The predictable protests

  • September 22, 2010
Papal tours too often become occasions for anti-Catholic and other anti-religious forces to find a friendly microphone. Before the visit to Britain even began there were indications that a hostile reception might await Pope Benedict. There was even half-serious talk of arresting him for “complicity” in the sex abuse scandal.


Given the history of Catholicism in Britain, its ongoing minority status and the growing hostility to religion that seems to characterize the country, it would hardly be surprising if local protest went beyond a couple of letters to the editor or the waving of a placard or two.

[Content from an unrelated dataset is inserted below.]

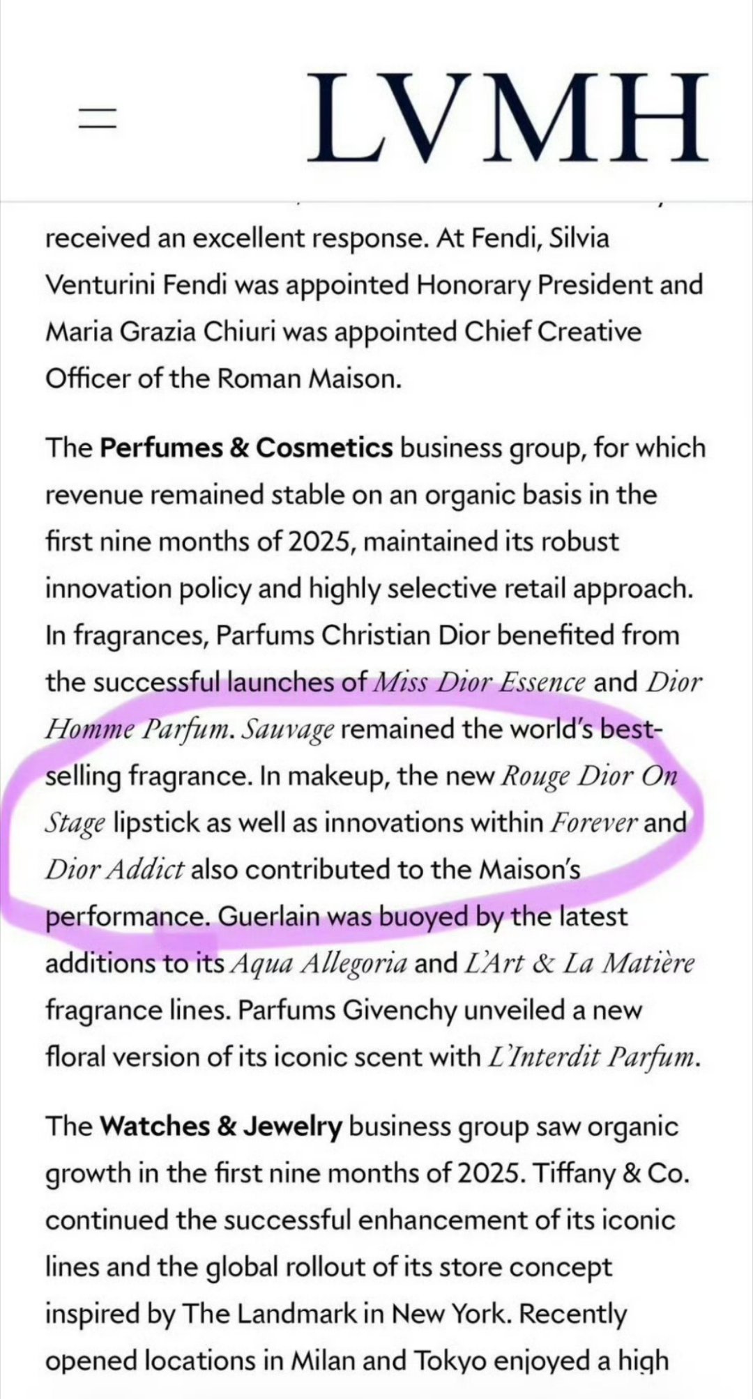 LVMH 2025 Q3财报,提到了🦅美妆线成绩亮眼哎。

This is, after all, a land where anti-Catholic edicts were enforced well into the 19th century, and Catholics continue to be barred by statute from becoming monarch.

Despite that, predictions of massive protest turned out to be exaggerated. The much-publicized ad in The Guardian, signed by about 55 celebrities to protest the visit, failed to garner a signature from anyone not already well-known for aggressive atheism (or as the Daily Mail more aptly put it, “Spitting venom, the left-wing chorus.”) While they claimed their main complaint was with the honour of a state visit, not the pontiff’s basic freedom to travel and speak, critics noted they were strangely silent during the state visits of Saudi King Abdullah in 2007 or China’s President Hu Jintao in 2005, both of whom lead countries with very poor records on human rights.

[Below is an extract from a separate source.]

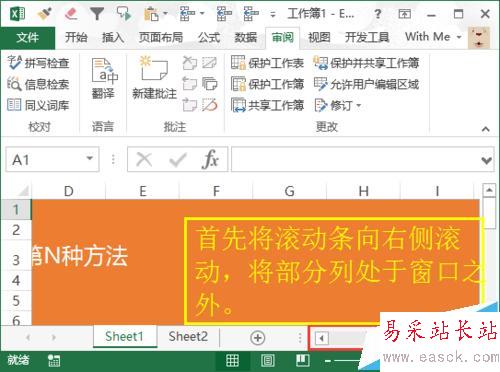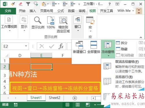 此方法很少用,一般“隱藏”起來,不太專注的朋友,一時半會兒解不開。首先將滾動條向右側滾動,將部分列處于窗口之外。此處將A、B、C三列在窗口之外,并選中E2單元格。點擊excel頂部菜單中的“視圖”,并找到“窗口”下的“凍結窗格”,點擊“凍結拆分窗格”即可。

For the most part, these protesters bring out arguments that have been aired and often refuted many times before. In a CBC interview Sept. 16, Peter Tatchell, documentary producer, gay rights activist and a leader of the Protest the Pope coalition, used the word “shocking” numerous times to describe Church teachings on traditional marriage, the use of condoms in AIDS prevention, contraception, abortion, stem cell and fertility treatments and the ordination of women. “These are misogynistic, shocking statements,” he assured us, and pointed out later that the majority of Catholics don’t agree with these teachings. Certainly some of the things he touched on are discussed freely by Catholics — it’s a big tent after all. But they are only shocking to anyone who never reads a newspaper or watches a news program. England’s historical track record on anti-Catholicism is shocking to anyone who doesn’t know history; Catholic teaching on those issues and others has always been clearly proclaimed.

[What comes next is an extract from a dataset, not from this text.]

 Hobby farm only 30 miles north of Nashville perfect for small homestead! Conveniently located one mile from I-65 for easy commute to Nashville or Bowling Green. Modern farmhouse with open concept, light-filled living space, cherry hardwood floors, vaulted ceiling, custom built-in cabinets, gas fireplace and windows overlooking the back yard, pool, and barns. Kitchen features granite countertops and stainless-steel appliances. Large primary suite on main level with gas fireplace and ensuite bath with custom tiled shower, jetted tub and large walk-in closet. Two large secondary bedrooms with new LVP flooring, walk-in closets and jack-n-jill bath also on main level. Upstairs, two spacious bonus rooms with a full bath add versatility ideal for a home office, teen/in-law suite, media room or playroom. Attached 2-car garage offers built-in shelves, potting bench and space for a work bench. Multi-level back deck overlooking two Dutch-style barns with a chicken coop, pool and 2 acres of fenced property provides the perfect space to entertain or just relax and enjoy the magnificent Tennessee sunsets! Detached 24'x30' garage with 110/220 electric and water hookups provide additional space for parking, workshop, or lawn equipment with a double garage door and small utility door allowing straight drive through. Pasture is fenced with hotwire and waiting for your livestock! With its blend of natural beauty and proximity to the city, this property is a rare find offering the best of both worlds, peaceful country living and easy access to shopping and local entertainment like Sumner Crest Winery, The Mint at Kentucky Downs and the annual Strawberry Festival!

To her credit, interviewer Carole MacNeil pointed out that these are matters of interpretation and tradition that the Church hierarchy, in sincerity, does not believe it can change, but Mr. Tatchell assured her that the Church’s interpretation is not what Jesus’ would have been. Unfortunately, those of us who subscribe to a lot of news services know that he is on record for saying that sex between adults and children between the ages of nine and 13 is not always abuse, but can be “a conscious choice that gave them (minors) great joy.”

Nevertheless, he had no hesitation whatsoever in saying that Pope Benedict should have been denied a state visit due to his “major personal role” in the cover-up of child sex abuse. As proof, he cited a 2001 letter to bishops that has just as often been cited as proof that the Pope has taken the problem much more seriously than his predecessors, and wanted processing of complaints removed from local influence and generally made faster. The topic has been ably discussed by others, but it is irritating that our national broadcaster gives us the sanctimonious finger-wagging of someone who led an “OutRage!” campaign to reduce the age of consent to 14. Like most self-appointed progressives, he did assure us that he praises the Pope for his stance against consumerism, war and global poverty.

Most will understand that the anti-religious have been making the same arguments for a very long time and that there are issues on which believers and non-believers will never agree. Non-believers seem to have the floor more often in mainstream media, but part of the reason is simply those tired old squeaky wheels getting the grease.

In Britain and elsewhere, sincere Christians know how much credence to give to the protesters; the Pope was received cordially and with warmth. The Pope spoke of the importance of evangelization and serving the common good, and it’s a positive message that many want to hear.